A sostegno dell’impugnazione, l’appellante ha dedotto:

1) violazione e/o erronea applicazione dell’art. 10, comma 2, della legge nr. 425 del 1984 (essendo tale norma applicabile ai soli magistrati in servizio alla data del 1 luglio 1983, mentre l’odierno appellante risultava collocato a riposo in epoca anteriore a tale data);

2) in via subordinata, illegittimità costituzionale dell’art. 10, comma 2, della legge nr. 425 del 1984; omessa e/o insufficiente valutazione del denunciato profilo (non potendo l’applicazione della norma incidere su situazioni, come quella dell’odierno istante, ormai coperte da giudicato).

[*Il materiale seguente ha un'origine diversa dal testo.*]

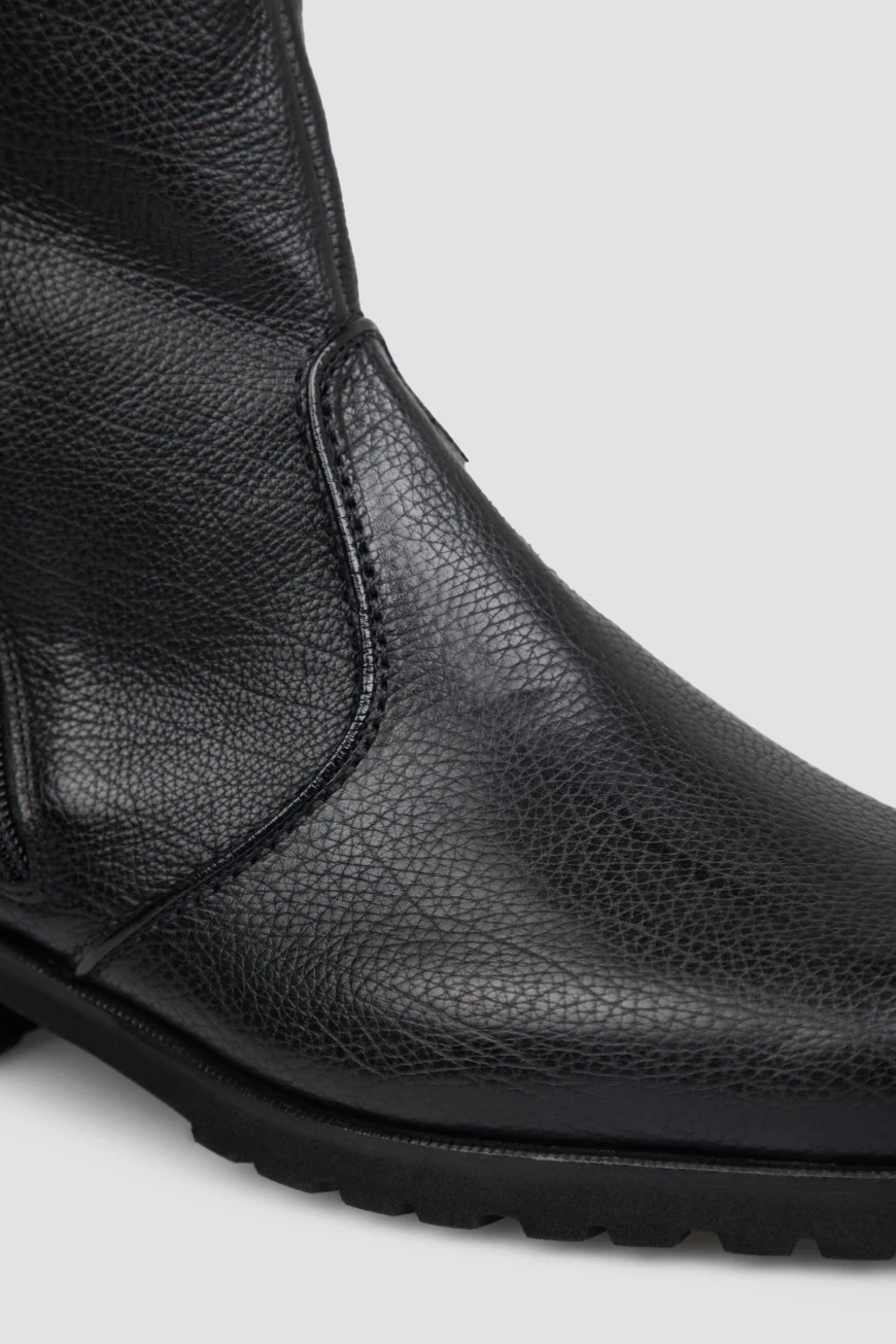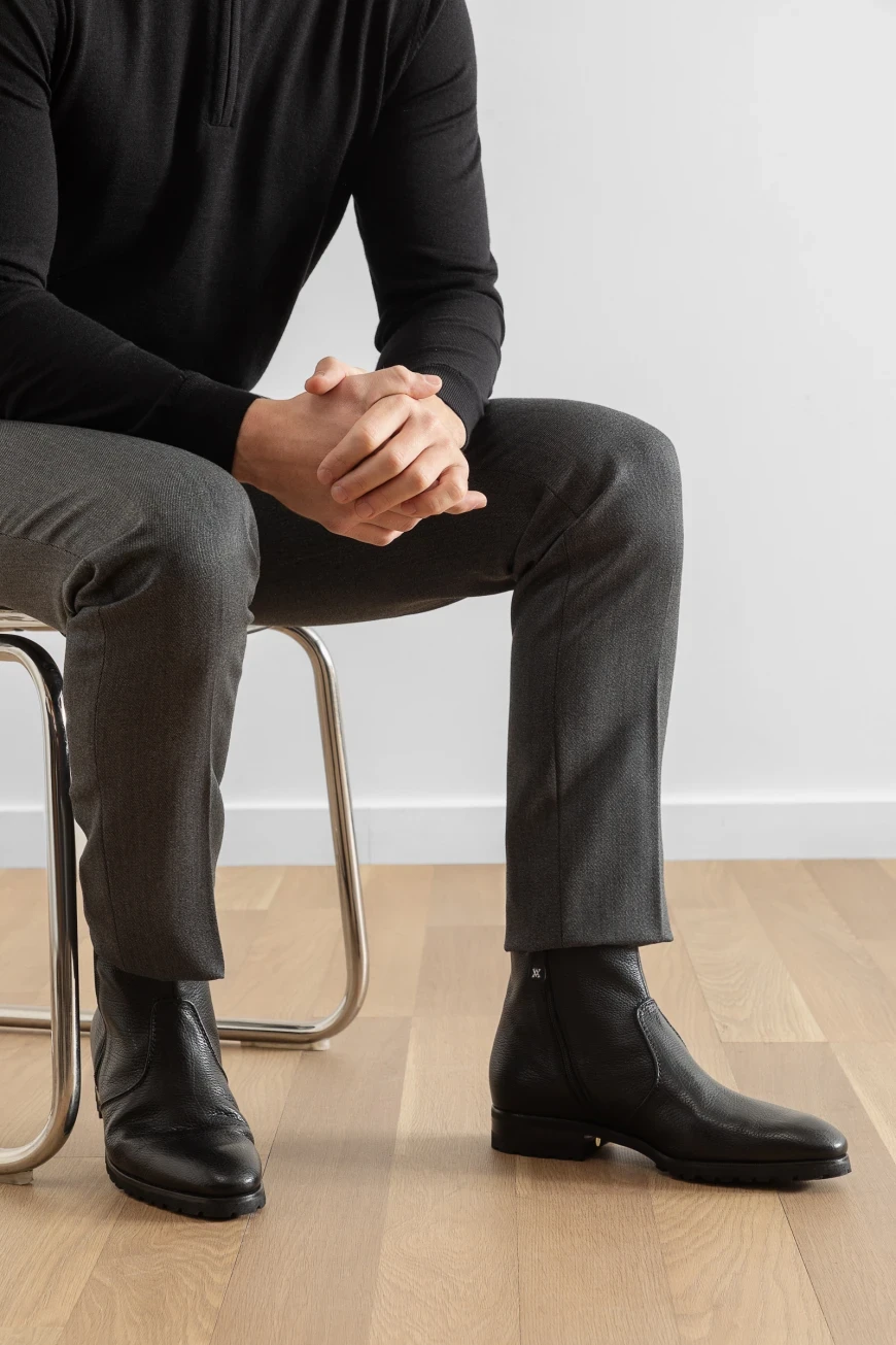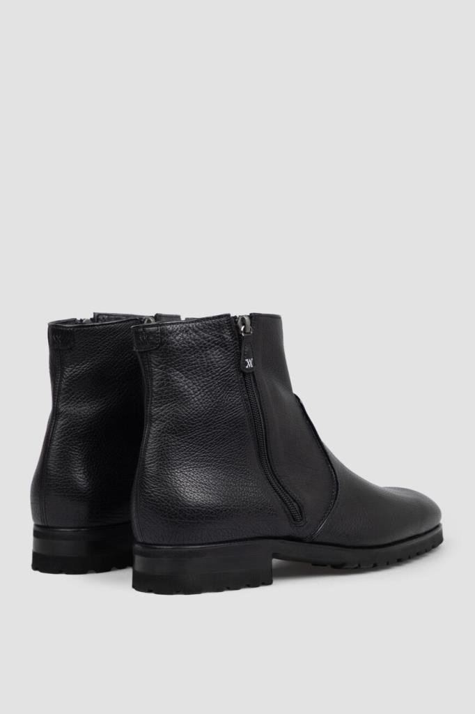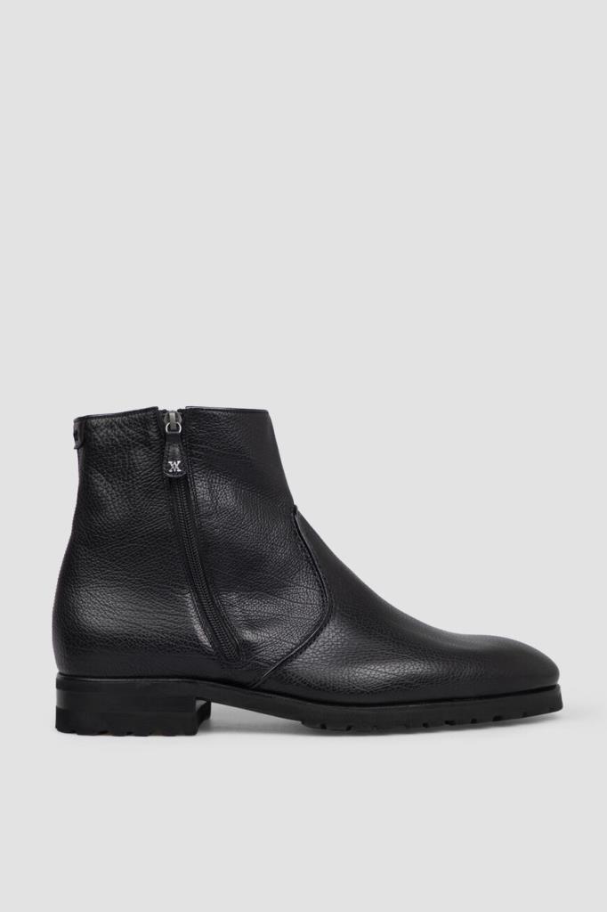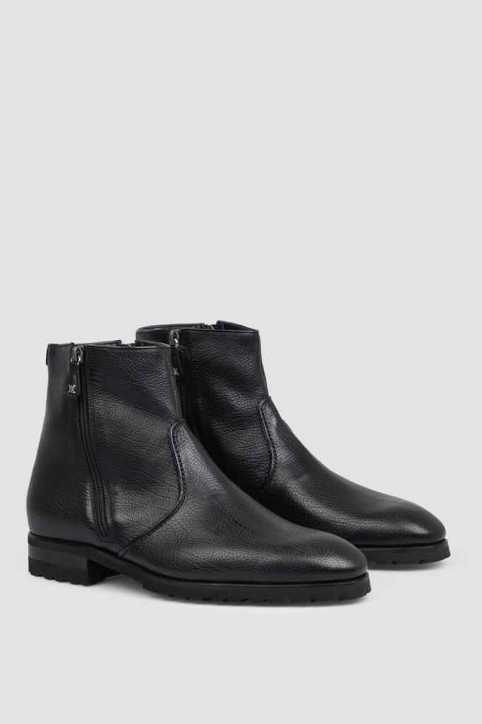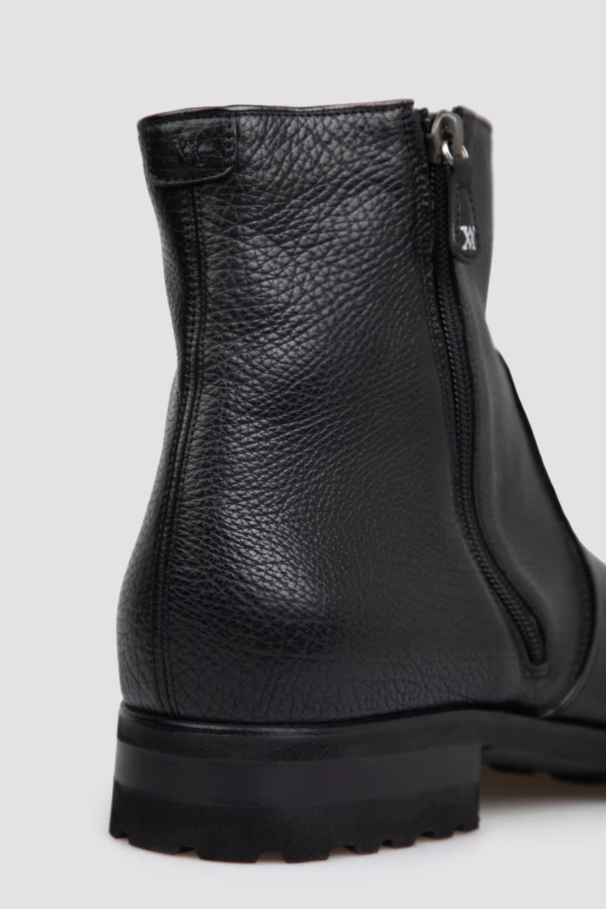 Кожаные ботинки на молнии от бренда ARTIOLI. Фасон повседневной модели предполагает вытянутый округлый носок и объёмную подошву с рифлением снизу. При создании этой пары традиционный ручной труд мастеров сочетался с инновационными технологиями.

Si è costituito l’INPDAP, il quale ha diffusamente argomentato a sostegno dell’infondatezza dell’appello, chiedendone la reiezione.

Alla camera di consiglio del 29 novembre 2011, fissata per l’esame della domanda incidentale di sospensiva, alle parti è stato dato avviso della possibilità di immediata definizione del giudizio nel merito.

Infatti, l’appello è manifestamente infondato.

Ed invero, le questioni evocate nel presente contenzioso, relative all’interpretazione ed all’applicazione del meccanismo perequativo introdotto dal precitato art. 10, comma 2, della legge nr. 425 del 1984, che ha previsto il "riassorbimento" degli incrementi retributivi periodici attribuiti al personale di magistratura, sono state già ampiamente esaminate e delibate dalla giurisprudenza in senso sfavorevole alle tesi oggi esposte dall’appellante.

In particolare è stato evidenziato che, proprio in virtù della finalità perequativa della disposizione in questione, volta a eliminare le disparità retributive esistenti fra gli appartenenti al personale individuato dall’art. 3 della stessa legge nr. 425 del 1984, il predetto meccanismo di riassorbimento si applica anche ai magistrati collocati a riposo prima dell’entrata in vigore della nuova normativa (cfr. Cons. Stato, sez. IV, 9 ottobre 2000, nr. 5348) e si estende anche alle situazioni coperte da giudicati formatisi in epoca anteriore a tale data (cfr. Cons. Stato, sez. IV, 28 novembre 1994, nr. 969).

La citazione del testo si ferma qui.